[YOUR INSTRUCTIONS]:
The output should be the listing below, limited to the lines from the one with "Postcard RPPC United" through the one with "Seksowny komplet dwuczęściowy, w", exact and without pictures.

DATA EXCERPTS: Begin

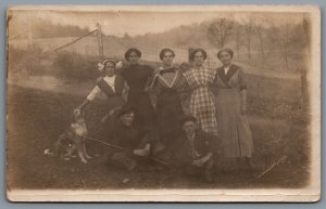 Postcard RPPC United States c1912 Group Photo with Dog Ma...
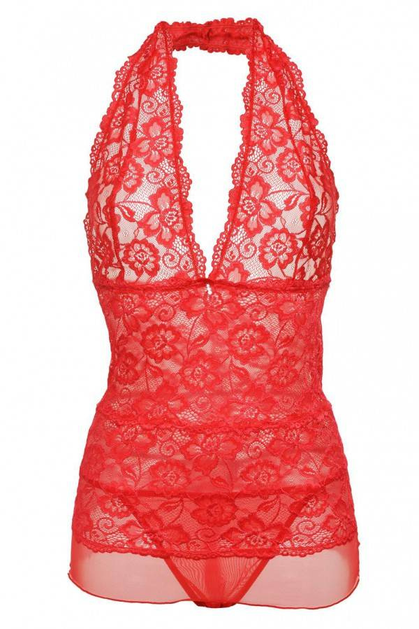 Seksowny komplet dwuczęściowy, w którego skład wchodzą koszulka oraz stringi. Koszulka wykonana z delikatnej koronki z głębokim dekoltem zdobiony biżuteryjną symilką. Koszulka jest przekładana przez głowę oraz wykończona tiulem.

DATA EXCERPTS: End
DATA EXCERPTS: Begin

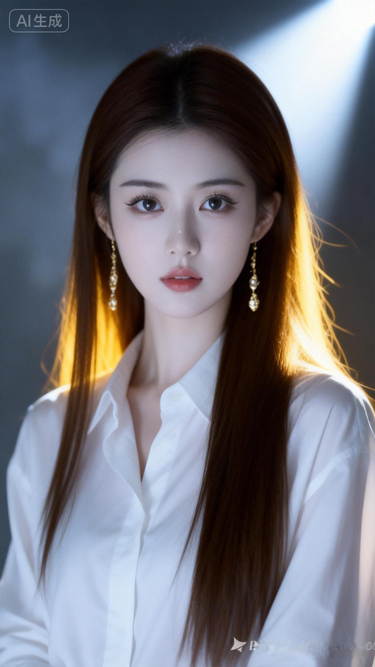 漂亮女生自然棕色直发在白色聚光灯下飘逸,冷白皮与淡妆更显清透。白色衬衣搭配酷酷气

DATA EXCERPTS: End

[OUTPUT OF THE TASK]:
 Postcard RPPC United States c1912 Group Photo with Dog Ma...
 Seksowny komplet dwuczęściowy, w którego skład wchodzą koszulka oraz stringi. Koszulka wykonana z delikatnej koronki z głębokim dekoltem zdobiony biżuteryjną symilką. Koszulka jest przekładana przez głowę oraz wykończona tiulem.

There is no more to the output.